A paixão como eterno crime culposo
Poucos livros conseguiram abordar as relações conflituosas no casamento como A Guerra Conjugal, do escritor curitibano Dalton Trevisan. Os contos reproduzem os papéis e o psicológico de muitos casais. Com objetividade, humor negro e uso de metáforas, seus textos transmitem uma valoração naturalista da união entre homem e mulher.
Em todos os contos, dois personagens se fazem presentes, João e Maria, por si só uma ironia do autor, pois nos remetem a famosa história dos Irmãos Grimms. Lembrando o Star System usado em obras de mangá, como as de Osamu Tezuka. Assim a visão do leitor se volta para as ações dos personagens e a influência do meio em que vivem. Isso foi essencial para que sua narração direta não ficasse vaga durante a leitura.
Sua narrativa sintética não impediu a construção de personagens redondos, algo bastante difícil numa narrativa tão árida. O casal onipresente, ao longo dos diversos contos apresenta inúmeras facetas. Em algumas histórias João é um homem passivo com os atos de Maria, seja na infidelidade ou sendo violentado pela mesma. Em outras ele é o carrasco, trata Maria com indiferença, torturando-a ou a trai com um amante.
Maria por sua vez, vai de uma dominadora até uma escrava sexual. Muitas vezes a esposa usa dos seus dotes físicos para obter do marido ganhos materiais, ou exceder na lascívia e ser perdoada. Em alguns contos, no entanto, Maria sofre horrores ao se casar com João. Os fetiches do cônjuge ferem não apenas o corpo de Maria, mas também o seu orgulho, ao ponto de em uma das histórias, João colocar o amante para viver sobre o mesmo teto.
Outros personagens constantes em todo o livro são os filhos. Apresentam-se sempre como vítimas do malfadado casamento entre João e Maria. As famílias crescem desestruturadas. Se o casal ganha em algum aspecto, os filhos saem perdendo, tanto na saúde, paz, lazer etc.

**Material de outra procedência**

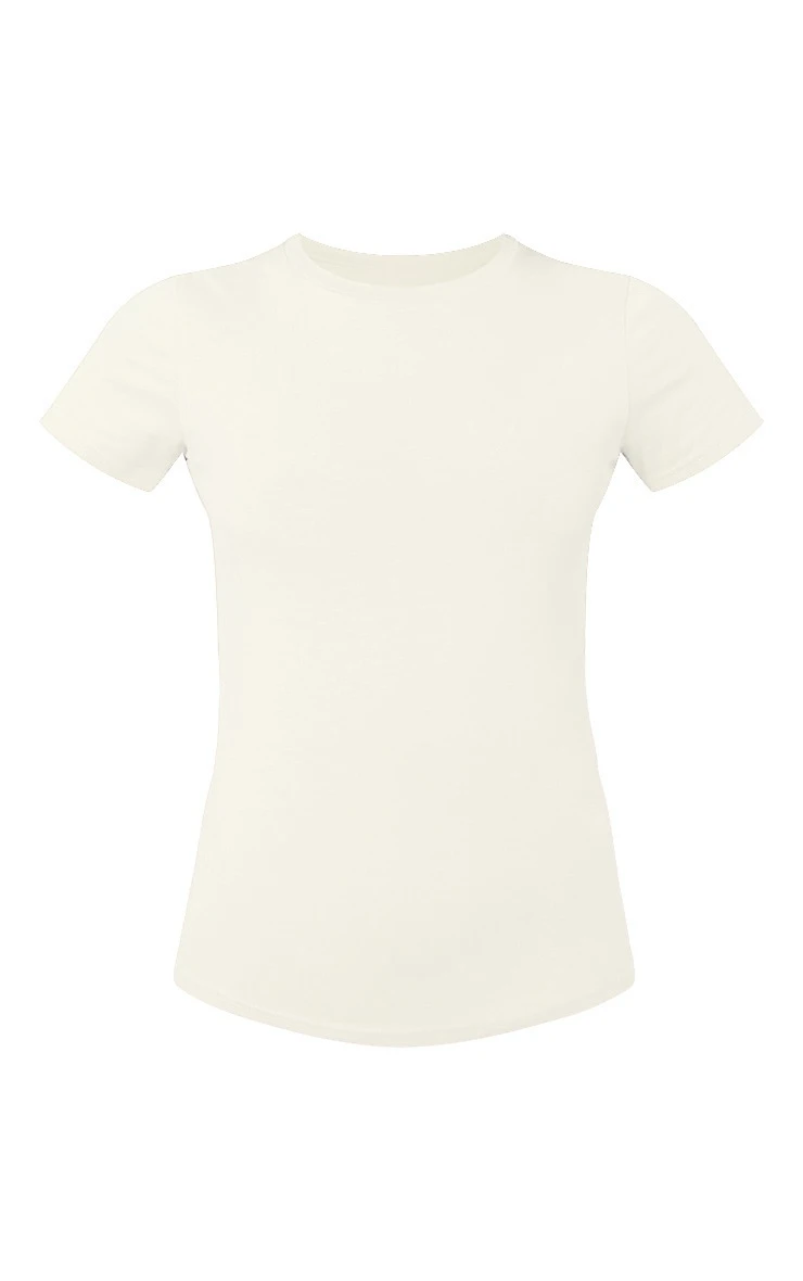 This tee is perfect for your everyday wardrobe doll. Featuring a cream cotton blend material with a crew neck design and a fitted style. Keep it casual and team this with comfy shorts, fresh kicks and a cap to complete the look.

João e Maria constituem o arquétipo de casamento feliz que inexiste por vários motivos apresentados no livro: As paixões e o instinto sempre acabam interferindo na união conjugal, o casamento formado por interesses materiais impedem qualquer desenvolvimento sentimental, a idealização do casamento encobre as motivações dos conjugues, o casamento também é feito de conflitos. Muitos outros motivos são apresentados no decorrer do livro, o que acaba tornando as situações absurdas, porém reais.
Sua experiência como advogado deve ter ajudado a formar os cenários dos contos, muitos deles lembram o gênero policial, os finais sempre imprevisíveis e abruptos deixam o leitor desconcertado. A escrita rica de Dalton Trevisan impressiona pelos artifícios que usa nos seus textos, por exemplo, o gore em alguns contos deixam as suas histórias bastante sombrias. A dependência física de alguns personagens sejam eles João ou Maria, dá o parecer de que a paixão é uma droga, e o casamento um ritual para o seu uso.
Com a falta de descrição dos personagens, pois são tão comuns que mesmo o leitor (a) poderia ser um deles (as), o que nos resta é nos atentar ao cenário. Por vezes a imundície dos antros, e mesmo nos personagens, é o que mais impressiona. Ficamos sem entender porque homens tão asquerosos acabam seduzindo as belas Marias? E horrorosas mulheres os valorosos João? Talvez a resposta esteja na imposição do casamento pela moral vigente.
Algo notável nos escritos de A Guerra Conjugal é o uso de metáforas seja para encobrir ou codificar conteúdo erótico, tornando as passagens por vezes fantasiosas e em outras até poéticas. Vide o seguinte trecho do conto Quarto de Horrores: “Em pé na cama, inteiramente despido, João soprava a flautinha de bamba... Olhos vidrados, descobertas as vergonhas, girava à sua roda, ora aos pulos, ora de cócoras...”; outro conto com uma bela metáfora é A Normalista: “Sobre a cabeceira a imagem da santa e ali na cômoda a manada de elefantes vermelhos do bem grande ao menor, sempre de trombas para a parede...”. O foco da narrativa é o psicológico dos personagens que são transmitidos através das suas ações nem sempre louváveis. A um clima de demência nas relações “afetuosas” dos personagens que lembram o filme Psicose.
Outra consideração a sua precisa narrativa é o uso de elementos sensoriais. Chegam a se tornar sensitiva as coisas simples do dia a dia como o amargo do café, o frio do sereno, o penacho de um cardeal ganha não apenas forma, mas total sensibilidade através das palavras de Dalton. Para histórias tão conflituosas, esse uso de elementos sensoriais acaba por diminuir o clima pesado da narrativa.
A Guerra Conjugal mostrou que o casamento não passa de uma idealização extravagante de uma moral piegas. Nos contos do livro ninguém consegue se realizar na instituição falida que se tornou o casamento, seja ele civil, no religioso ou as uniões estáveis. Muito disso devido à interferência de outrem, e do que cada João e Maria espera receber, e não doar em prol do outro.